Yes, there was a misprint in the DR. The orange woolies would have been accepted had they passed this year. So they are on their 2nd try for the 3rd showing for next year.

Sharon


----------



## Blaze_Amita (Nov 11, 2010)

So how long will it be until Velveteen's can try again? and does anhyone know why they failed? Dang it.


----------



## GorbyJobRabbits (Nov 12, 2010)

Stoney Brook Rabbitry on 'Rabbit talk in ohio.net stated:

Found out Velveteen lops didn't pass because the jr doe stressed out from trip- out of condition, off feed, loose stool & sr buck had inflamed penis from breeding in the am to try to get him excited to pee- he was up 5 oz overnight


----------



## Blaze_Amita (Nov 23, 2010)

*shakes head* my poor babies. I should have sent them with some of my junior does, adn my solid tort senior buck, absolutely gorgeous in weight and he does travel super well- he took an 8 hour car ride as a 8 week old to come to me.


----------



## woahlookitsme (Nov 24, 2010)

Aww I was hoping the chin Dutch would pass. They were so gorgeous at convention :/


----------



## SMALL S RABBITRY (Nov 24, 2010)

Has anyone herd how these varieties and breeds done yet.........Toby

Rex - Beige
Silver Fox - Blue 
Satin Angora - Broken 
Britannia Petite - BEW 
Dwarf Hotot - Blue 
American Fuzzy Lop - Otter 
Havana - Otter


----------



## woahlookitsme (Feb 6, 2011)

Ok the info before kind of confused me So im just going to rewrite it as is in Domestic Rabbits.

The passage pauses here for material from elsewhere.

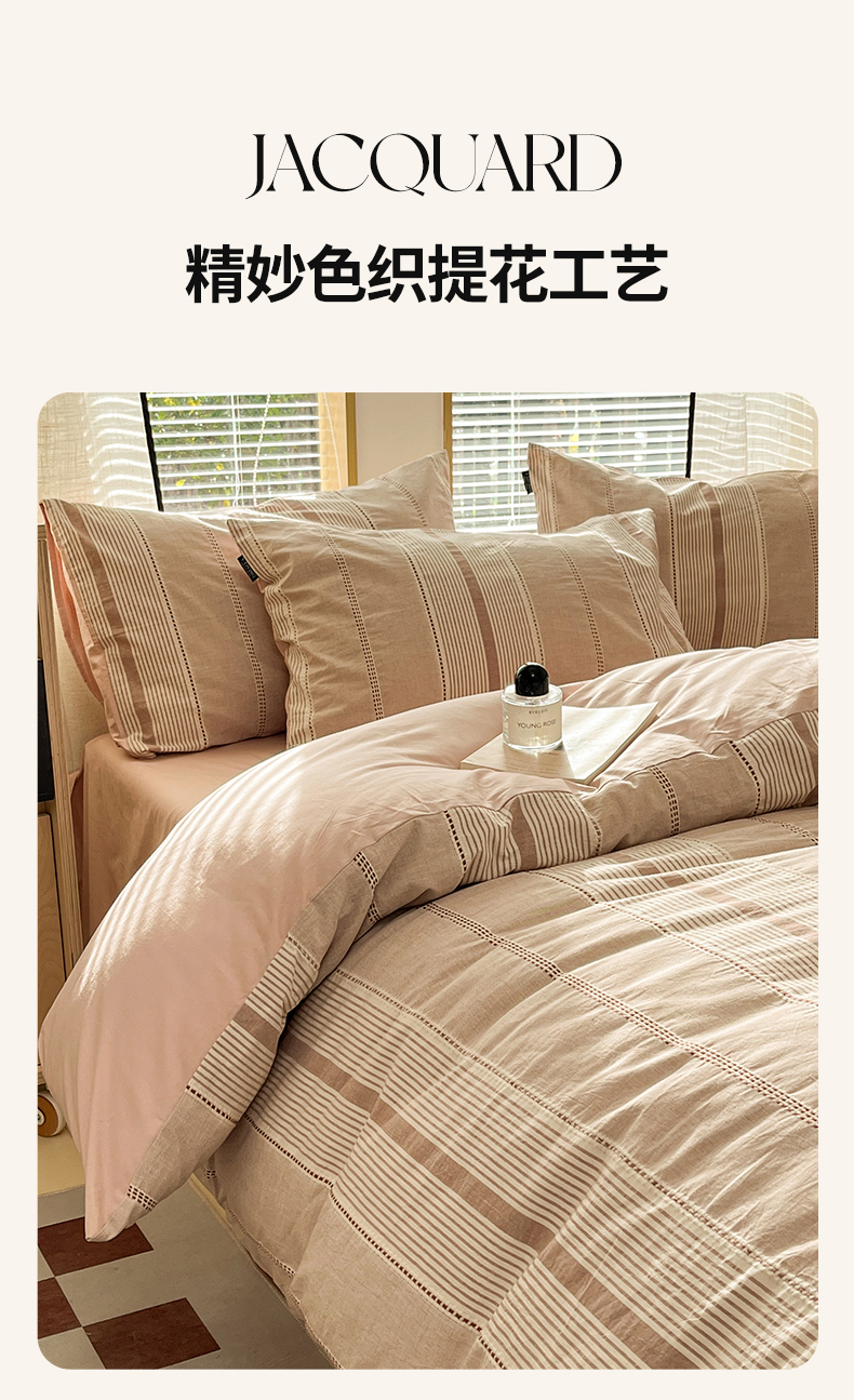 (总)宜代光年 2026新款60S水洗棉全棉纯棉三层纱色织提花夏被四件套系列,繁花-粉,繁花-灰,繁花-咖,繁花-绿,繁花-紫,海棠,林逾静-灰,林逾静-橘,牡丹-粉,牡丹-咖,执笔水墨-灰,执笔水墨-咖

Which means these are the results for the 2010 Minnesota Convention

Rex - beige. Nisha Bennett. 2nd try at 1st showing. Failed by Specialty Club COD ENDS

Silver Fox - Blue. Meara Collins. 1st try at 1st showing. Failed by Specialty Club

Satin Angora - Broken. Joan Hastings. 1st try at 1st showing. Failed- DQ 2 animals lacked satin sheen, poor type

Britannia Petite- BEW. Amber Wright. 1st try at 1st showing. Failed No Show ((I was so disappointed i love the BEWS))

Dwarf Hotot- Blue. Sonja Papakee. 2nd try at 2nd showing. Failed No Show COD ENDS

American Fuzzy Lop- Otter. Charlene Everette. 1st show at 1st showing. Failed No Show

Havana- Otter. Mark Fronning. 2nd try at 1st showing. Failed by Specialty Club COD ENDS


----------